Otwierający zgromadzenie Sufian Kayyali (TPPP) przypomniał krótko genezę obecnej odsłony konfliktu i wezwał do aktywnego sprzeciwu wobec izraelskiej interwencji w Strefie Gazy. Następnie głos zabrała Ewa Groszewska, od lat zaangażowana po stronie wolnej Palestyny: Jesteśmy humanistami, dlatego protestujemy przeciwko ludobójstwu w Gazie. Przy okazji zdecydowanie odcięła się od antysemityzmu: Sprzeciwiamy się każdej dyskryminacji ze względu na pochodzenie etniczne czy tzw. kolor skóry.

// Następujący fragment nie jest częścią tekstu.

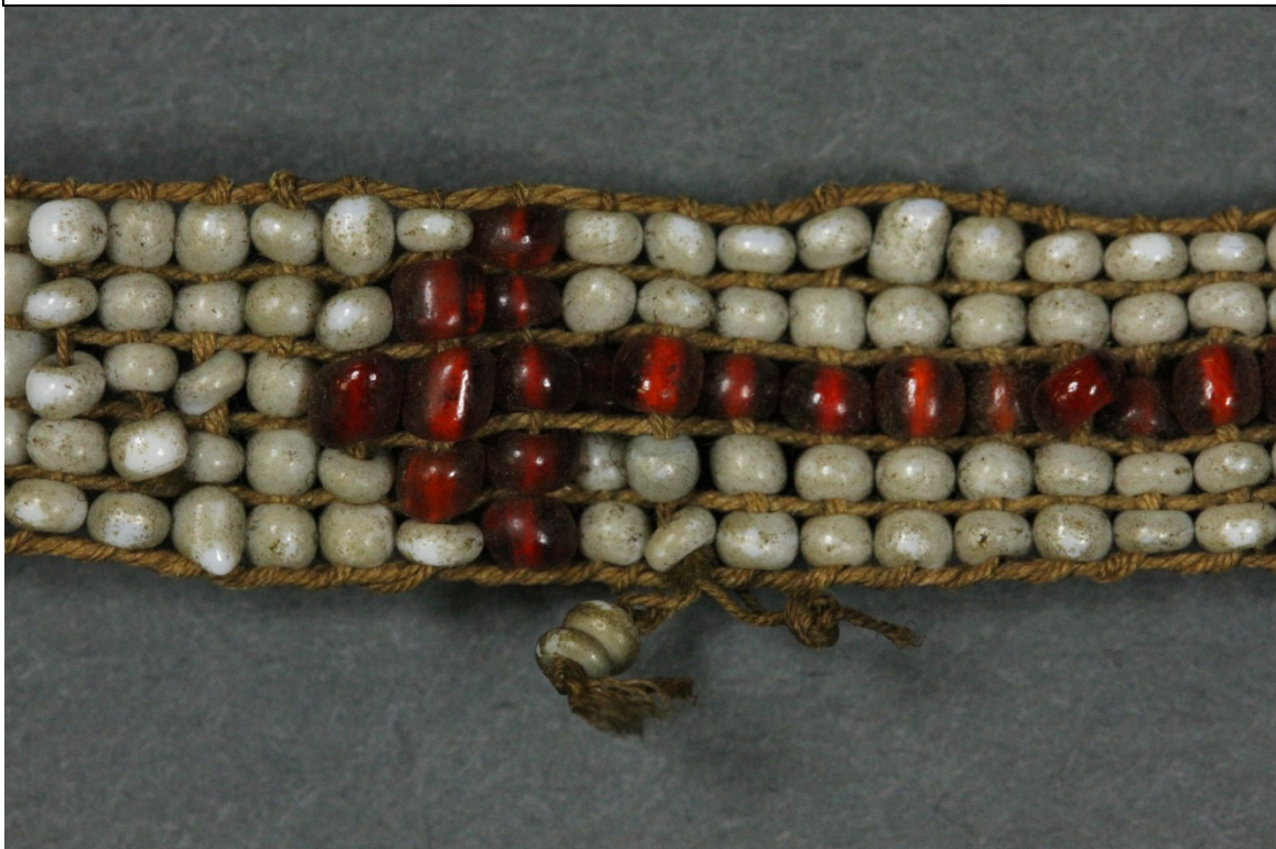
Fig. 4 – Loose threads – Front top left side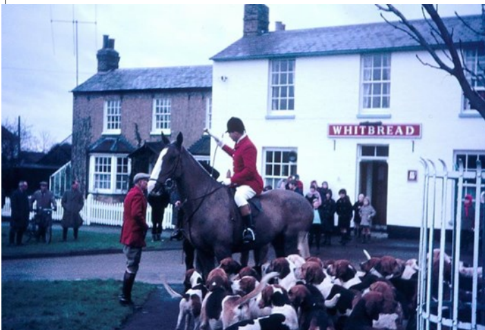
Cambridgeshire Hunt in Toft 1969

Foxes were also considered pests, causing considerable harm to livestock, particularly poultry and sheep, which in the past were kept in open fields. The hunting of foxes on horseback was an exhilarating sport whilst also serving to control the fox population. Supporters followed the local Hunt on foot, bicycle, and, in more recent times, car. Such gatherings were a social occasion in themselves as they passed through villages (see below) and were linked to other events such as Hunt Balls and Point-to-Point racing.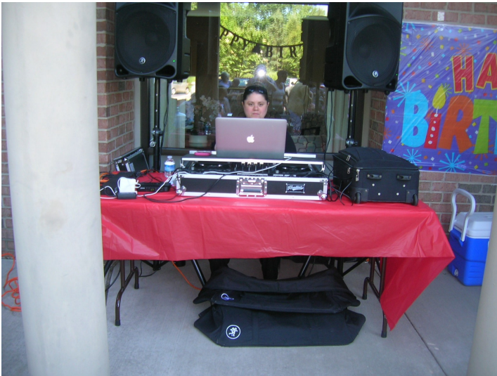
There was music.

The Birthday Bash in June was a big success.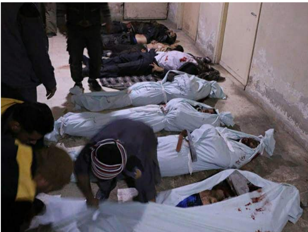
Image shows some of the civilian casualties resulted from the shelling of a popular market in Mesraba village on November 26, 2017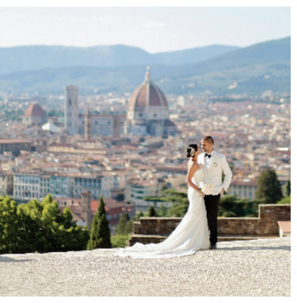
A couple stands on the terrace at Villa La Vedetta in Florence.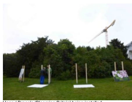
Henry/ Bragg's 'Blooming Britain' being installed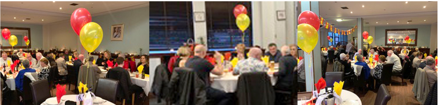
Highlights from the Tapas Night.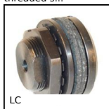
LC Friction clutch, 190 to 1800 Nm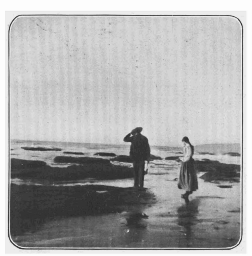
GATHERING SHELLS ON THE BEACH AT POINT LOMA, CAL.

"Tell those children of the Earth, for me, that the future happiness of all the creatures of the Earth is in their keeping, and if they will keep their minds pure and sweet then all the rest of humanity and all the other kingdoms will be compelled to think good thoughts, and when all envy, ambition, avarice and passion shall have disappeared the people of the sea can mingle with the children of earth and air and fire in completest harmony. They are the masters, we the servants, and although humanity compelled us to rebel against the wrongs inflicted, we would far rather have good masters and render the homage of love. Tell the children that they have it in their power to help the mermaids and mermen to become conscious servants of Truth."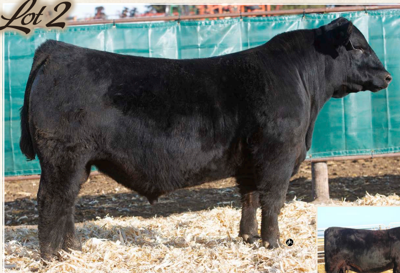
VISION EVERGREEN 610 DAM OF LOT 2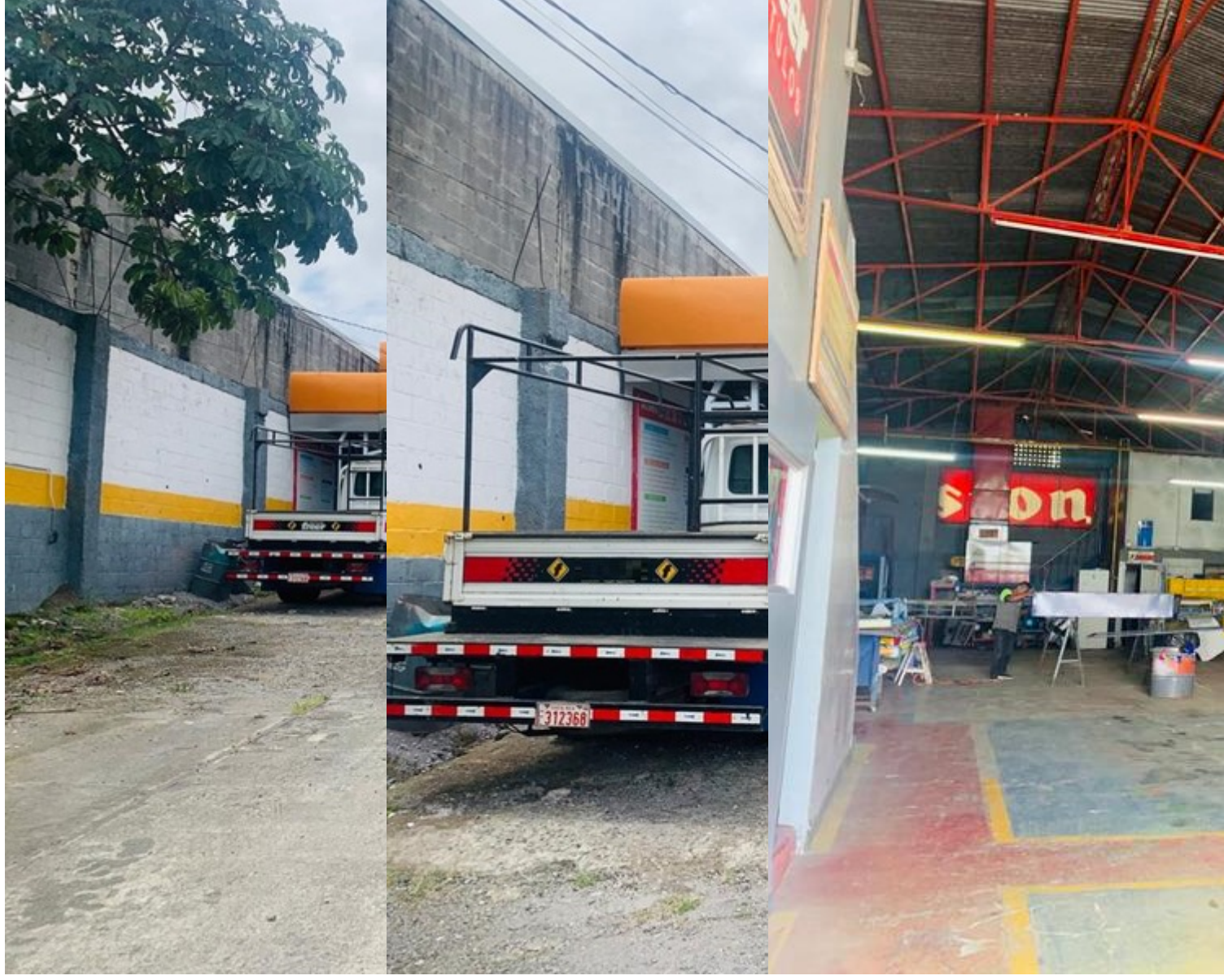
• Status: Active/Published

• Property Type: Commercial • Bedrooms: 1 • Built: 1990 • Size: 839 sq m • 0.21 Acres • Floor Area (SQFT): 4,844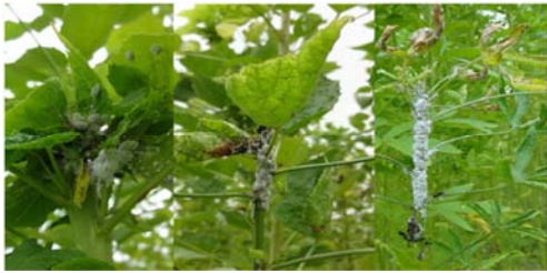
Figure 7. Mealy bug infested kenaf and Mesta plants at Tarabo, Narayanganj, BJRI.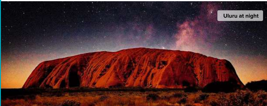
Uluru at night

Complete your day at Uluru by watching the sunset from one of the two designated viewing areas. At this time of the afternoon, a different range of colours will intensify and then fade with the falling sun. By now, you'll be feeling well and truly seduced by the incredible atmosphere of this vast desert park.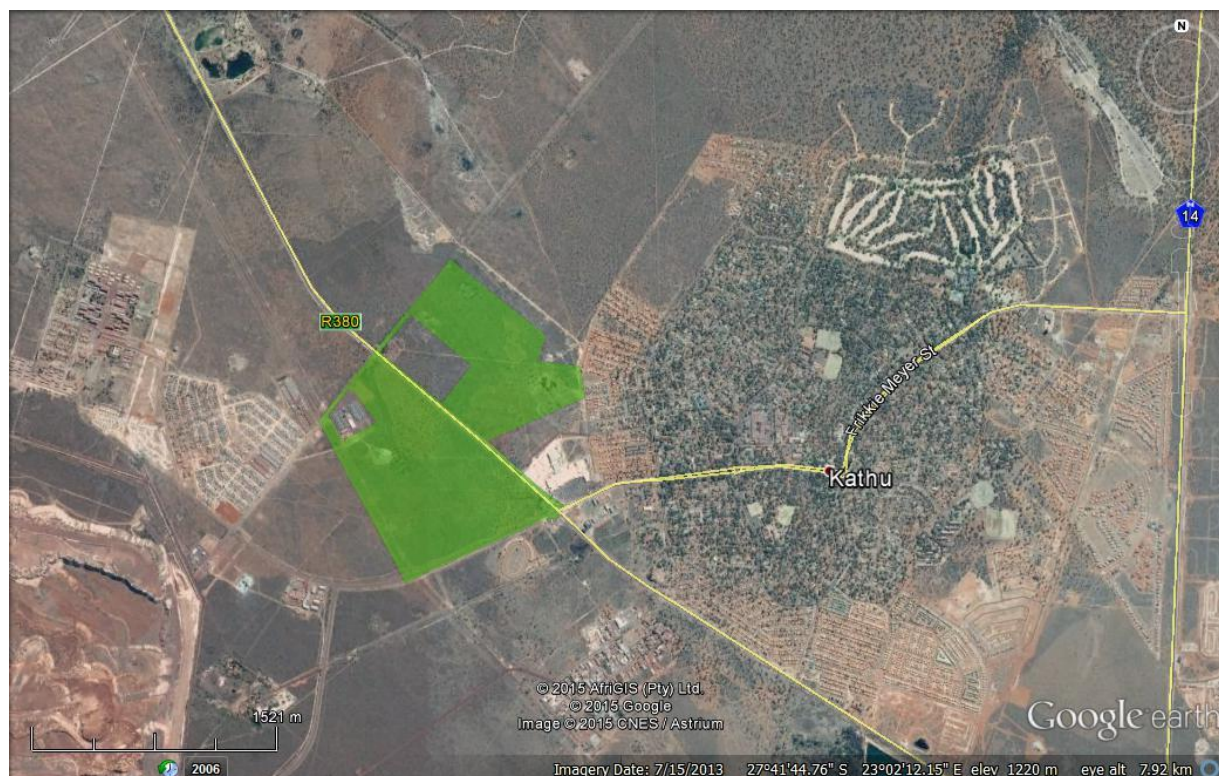
Figure 1: Google Earth image showing the location of the property (green polygon)

The property is undeveloped, but is zoned as Agricultural Zone I in terms of the Gamagara Scheme, indicative of the past agricultural nature thereof. The site is however not being used for agricultures as it has been encroached upon by the urban development of Kathu.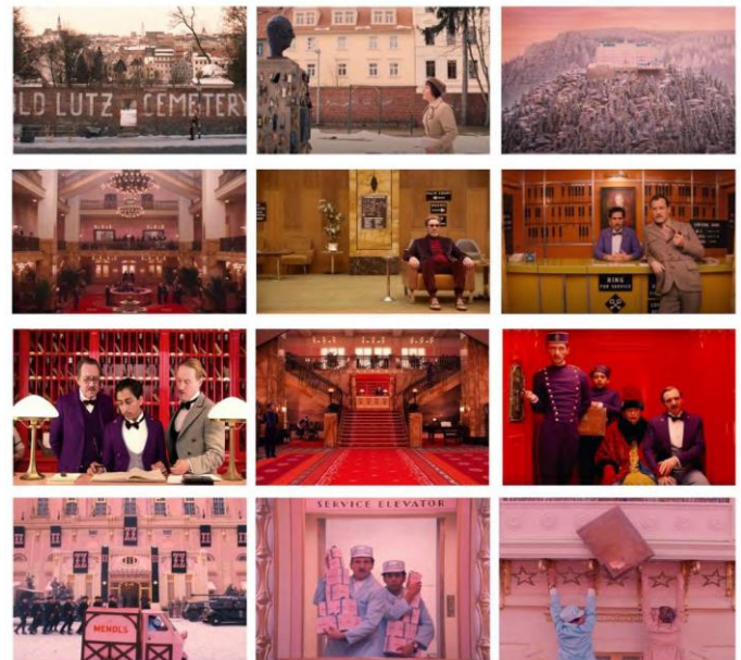
Fig. 1. The transformation of color in the narrative sequences of "The Grand Budapest Hotel".

further flattening of the images. The color, therefore, serves to support the director's message to the audience: by explaining the artifice, in fact, Anderson makes the viewer aware that what he is observing is not a faithful reproduction of reality, but a fictitious story that is located in a different world.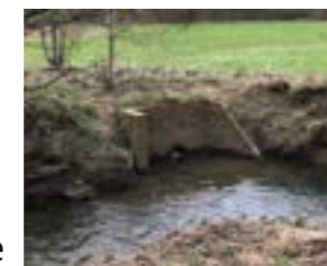
The stream joins the Henmore

Road before it discharges into the Henmore at a bend in the river, behind Homebase. There is evidence that the stream is carrying a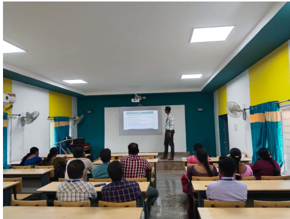
Resource Person's Talk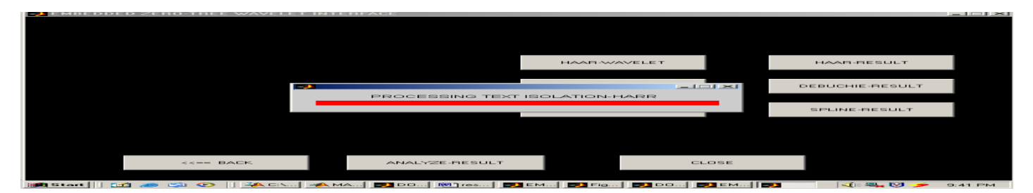
Figure VI.5: Processing video data using Haar wavelet

Documented video data is processed using various wavelets such as Haar wavelet, Debuchie wavelet and Spline wavelet. PROCESSING INPUT DATA USING HAAR WAVELET

Demonstrujący trzymali łańcuch złożony z połączonych kartek, na których wypisane były nazwiska ofiar izraelskiej interwencji. Do wczoraj było to ponad ośmiuset zabitych – w zdecydowanej większości cywilów, w tym wiele dzieci.
Skandowano hasła: „Wolna Palestyna”, „Wolna Gaza”, „Netanjahu terrorysta”, „You want peace – don’t kill kids”. Rzucał się w oczy transparent z hasłem „Nie wspieraj apartheidu” i wezwaniem do bojkotu Izraela.
W pewnym momencie kilkadziesiąt osób położyło się na ziemi w ramach solidarności z ofiarami izraelskich nalotów. Była to swoista „minuta ciszy” ku czci poległych Palestyńczyków. Ułożono tez napis GAZA ze zniczy przyniesionych przez demonstrantów.
Na demonstracji pojawiło się kilku znanych w środowisku wrocławskiej lewicy działaczy, m.in. Michał Syska (SLD, Ośrodek Myśli Społecznej im. F. Lassalle’a) oraz Przemysław Witkowski (Krytyka Polityczna). Byli również członkowie Ruchu Sprawiedliwości Społecznej oraz Wrocławskiej Inicjatywy Społecznej zajmującej się problemami wykluczonych.
Naprzeciwko demonstracji solidarnościowej zgromadziło się kilkanaście osób z flagą Izraela. Obyło się bez awantur. Demonstracja została zakończona po ok. 80 minutach.